(Beginning of DATA)
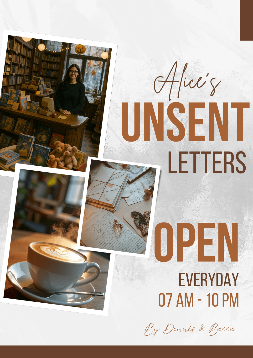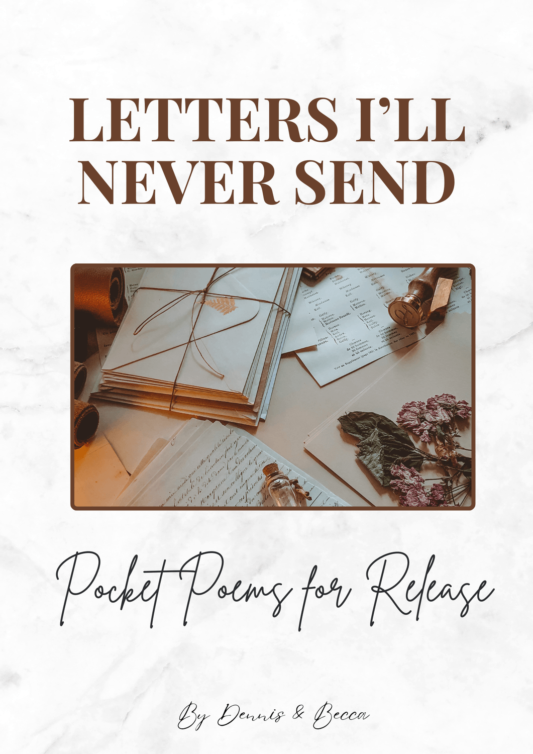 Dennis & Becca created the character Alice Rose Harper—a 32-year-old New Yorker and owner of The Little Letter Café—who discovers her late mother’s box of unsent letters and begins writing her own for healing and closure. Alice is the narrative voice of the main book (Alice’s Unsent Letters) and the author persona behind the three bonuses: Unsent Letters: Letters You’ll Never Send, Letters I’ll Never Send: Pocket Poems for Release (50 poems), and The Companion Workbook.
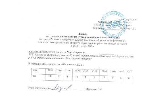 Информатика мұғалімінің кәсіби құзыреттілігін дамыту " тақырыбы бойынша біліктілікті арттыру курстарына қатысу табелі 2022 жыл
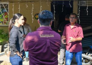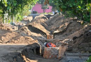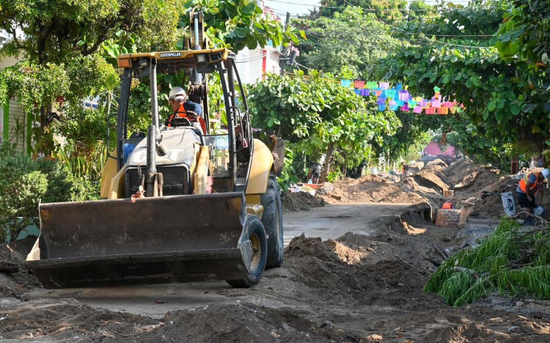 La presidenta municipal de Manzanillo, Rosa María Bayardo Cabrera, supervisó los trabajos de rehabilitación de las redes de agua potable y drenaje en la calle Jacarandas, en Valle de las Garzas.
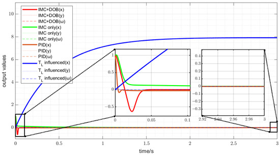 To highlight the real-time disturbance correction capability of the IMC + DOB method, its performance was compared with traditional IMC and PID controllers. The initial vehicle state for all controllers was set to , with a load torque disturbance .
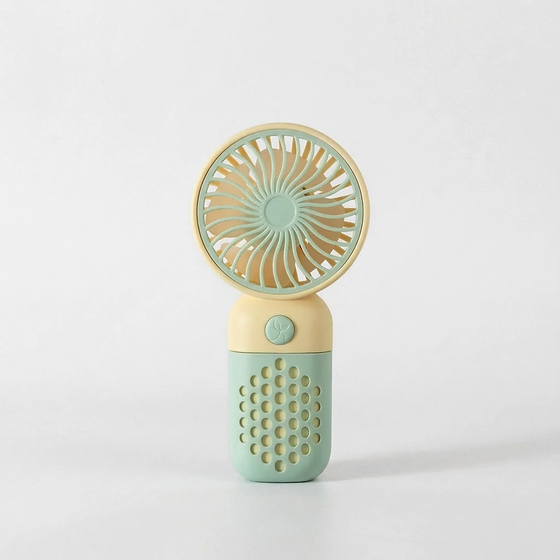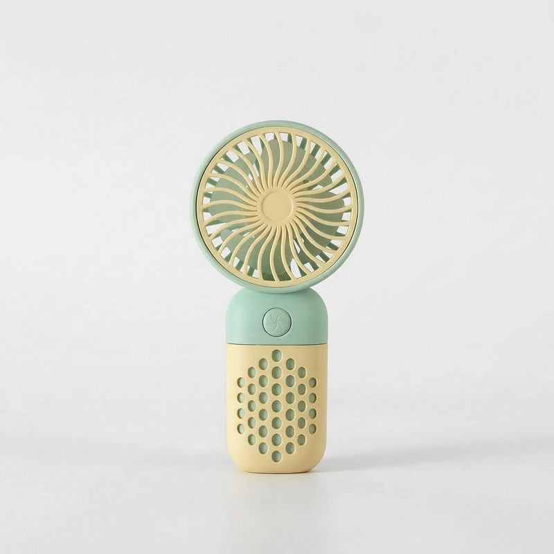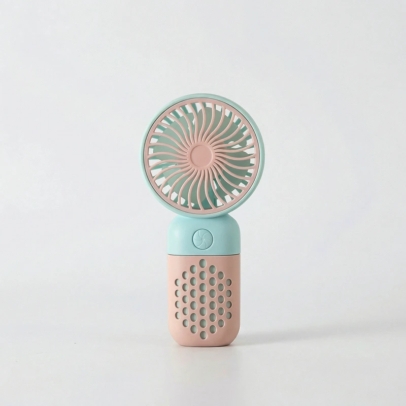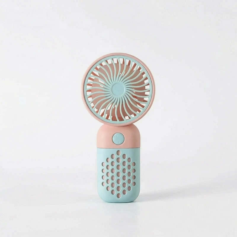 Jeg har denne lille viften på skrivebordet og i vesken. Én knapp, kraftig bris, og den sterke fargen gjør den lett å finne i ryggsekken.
(End of DATA)
Take the line that contains "La presidenta municipal" and every line after it down to the last line of the entries above, and output them exactly, with nothing else and no pictures.

▶ [REPLY]
 La presidenta municipal de Manzanillo, Rosa María Bayardo Cabrera, supervisó los trabajos de rehabilitación de las redes de agua potable y drenaje en la calle Jacarandas, en Valle de las Garzas.
 To highlight the real-time disturbance correction capability of the IMC + DOB method, its performance was compared with traditional IMC and PID controllers. The initial vehicle state for all controllers was set to , with a load torque disturbance .
 Jeg har denne lille viften på skrivebordet og i vesken. Én knapp, kraftig bris, og den sterke fargen gjør den lett å finne i ryggsekken.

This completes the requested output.